Welcome to My Life as a Postdoc: Overeducated and Underemployed

A version of this post was originally published on the Wayne State University BEST blog.

I know a lot of really dumb PhDs.

I’m not being mean.  I include myself in this group of book-smart, determined idiots.  Many of us are creative, versatile, lifelong learners who embrace challenge and handle failure with aplomb. And a select few, with the right combination of grit, luck, and guidance, do make careers for themselves as tenure-track faculty. But the vast majority do not.  For all our knowledge, we can be dumb as doorknobs when it comes to navigating careers outside of academia.  Perhaps because we are trained to be so specialized, we lose sight of the big picture. Once we take a postdoc position, many of us languish at the bench relegated to the dreaded “perma-doc” realm without a clue about what to do next.  Yet, when we think about leaving academia, many of us become paralyzed at the thought of abandoning our native land.

Suffering is an inherent part of academic culture.  In graduate school, my friends and I would brag about working in the lab through weekends and holidays, getting by on a handful of hours of sleep a night, and using a toxic cocktail of Red Bull and coffee to push us through full course loads and lofty scientific aspirations (I didn’t sprout wings, but I did almost conjure up an ulcer). We wore our wrinkled clothes and dark under-eye circles as badges of honor. We thrived on the pressure, and if we didn’t, surely something was wrong with us.

I look back on those days with a mixture of fondness and incredulity. I felt at home surrounded by overachievers who, unlike my family and nonacademic friends, understood the addictiveness of unraveling the mysteries of the universe (or trying to, anyhow), until one day, I felt nothing but uneasiness.  The ecstasy of the hunt for truths was displaced by worry about grants, about publishing in journals with high enough impact factors, about continually generating data. Moreover, somehow despite the crazy hours I managed to find the time to get married and even have a child.  Then, for the first time I admitted to myself that I wanted something that academia couldn’t provide: more.  I wanted more time with my family, more flexibility, more fulfillment.

Now, I was left with new mysteries to unravel:  How could I possibly function on the outside? What transferable skills could I possibly have? The research enterprise requires us to spend much of our time focusing on what we don’t know and how to get inside the black box.  Is that why, as PhDs, we can’t fathom switching careers?  Do we become too fixated on discerning what we don’t know and how what we do know could possibly be applicable to “real jobs”?  I’m not sure where this academic Stockholm Syndrome came from, but it’s time for some of us to snap out of it.

Leaving academia does not equate failure.  I know that the decision to leave does not mean that I fell short as an academic.  Prior to this, I had to navigate a sea of well-intentioned colleagues who urged me to apply for tenure-track positions. I believe that my decision to leave reflects my own evolution and maturation as a PhD who believes her time and efforts are better suited for a more well-rounded life, and perhaps more importantly, who now has the courage to voice that opinion.

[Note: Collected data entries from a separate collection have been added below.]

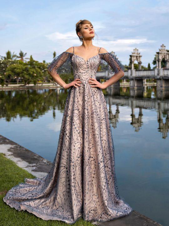 Le modèle de couleur bleue et poudrée aux épaules dénudées et à la manche en tulle originale a l’air chic.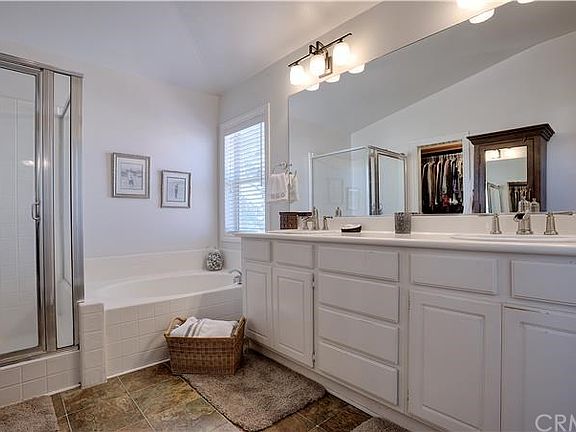 Welcome home to this beautifully remodeled 4 bedroom, 3 bath home with a possible 5th bedroom downstairs, that is currently an office with a full bath. The kitchen has been completely remodeled and customized with large white Quartz center island that seats four, double sinks, additional storage and pendant lighting. Stunning black Quartz countertops, white cabinetry, custom pantry and stainless steel appliances. The kitchen is open to the dining room with a cozy fireplace and an amazing backyard with mountain and city views. New wood flooring throughout the lower level, on the stairs and into the upstairs Bonus room with a built in media center and 3 additional bedrooms and full laundry room. The master suite has cathedral ceilings, a sitting area, walk-in custom closets, dual sinks and a separate shower and bathtub. The backyard boosts a custom fireplace, brand new BBQ and island, new landscape & stone hardscape. The private backyard is perfect for entertaining amongst the breathtaking views and one of the few lots in the community with no neighbors directly behind you. Please visit my website for a video tour. www.AmenPropertyGroup.com DeAnne Amen Jakobsen Surterre Properties 949.212.8699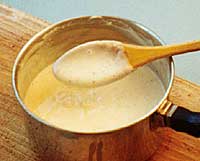 - Return to medium heat and add 1/4 cup of milk at a time. When milk is absorbed by the butter-flour mixture, add a little more increasing quantities as you go along.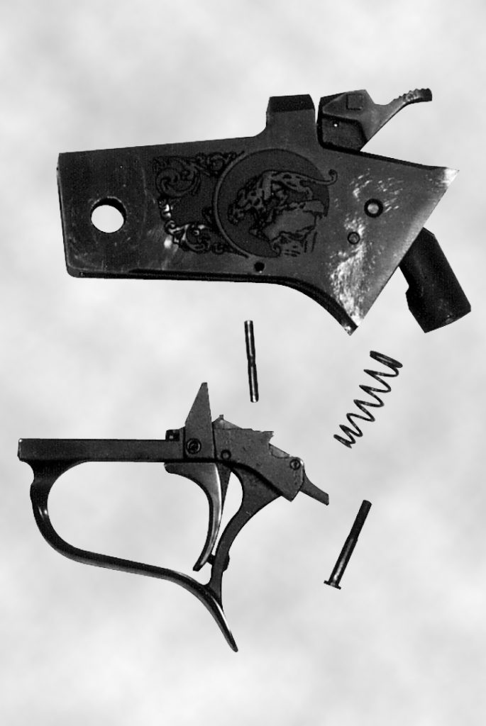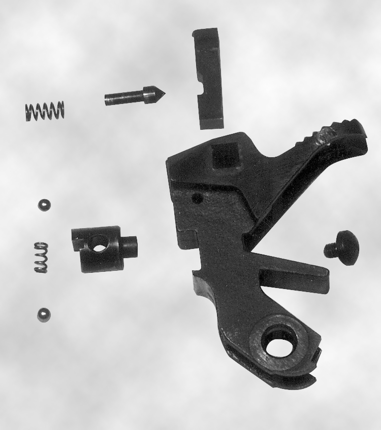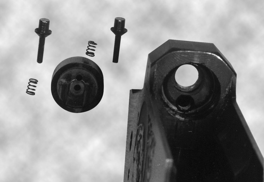Si tratta di un nuovo modello, molto più affidabile del precedente. Da notare che il percussore non sporge nella cavità di sparo in questo momento. Rimuovere il grilletto spingendo via il suo perno (è il più piccolo dei due rimasti nel telaio, l’altro è quello del cane).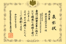 国土交通省 四国地方整備局より 令和6年度 工事成績優秀企業 に認定されました。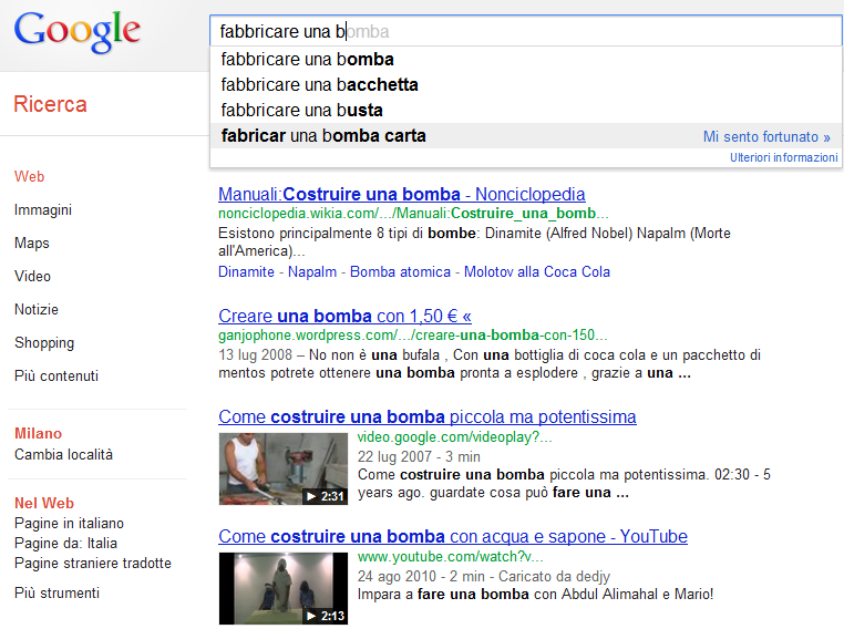 Google e gli altri motori di ricerca svolgono, sostanzialmente, una funzione di bacheca, di vetrina di contenuti altrui, ma l’aspetto forse più paradossale di queste vicende è che i provvedimenti dei tribunali che li considerano (impropriamente) hosting provider li obbligano a comportarsi come tali, poiché impongono una funzione di controllo e di editing che normalmente i motori di ricerca non attuano. Google lo fa automaticamente solo su termini legati alla pornografia o a questioni di buon costume, e non importa se poi non esistano filtri su ricerche di altro genere, che sarebbero decisamente da evitare, come questa:

The next step is still murky. As I write this, I am currently contacting people for informational interviews about writing, editing, and publishing careers in the sciences and gathering together application materials for a master’s program in genetic counseling.  On my best days, I look at this approach as covering my bases, but on my worst, I am so confused about the trajectory of my life that I want to curl into a fetal position and binge-watch Netflix until I forget that I might have wasted the last 13 years of my life doing bench science.  Well, maybe “wasted” is too strong a word …Mishandled? Perhaps. But the situation is not beyond correction.

What I do know is that realizing that academia isn’t for me is sufficient reason to take action.  It should be reason enough for you to take action, too. Over the next few months, I plan to use this forum of the BEST Program blog to explore careers outside of academia and the skills necessary to get them.  Because we DO have the skills: As PhDs, we have learned how to logically attack problems to get answers; how to use failure to change tack and persevere; how to communicate effectively; and most importantly, how to find the tools to improve our lives and move on to fulfilling careers.  Let’s stop being the smartest idiots we know.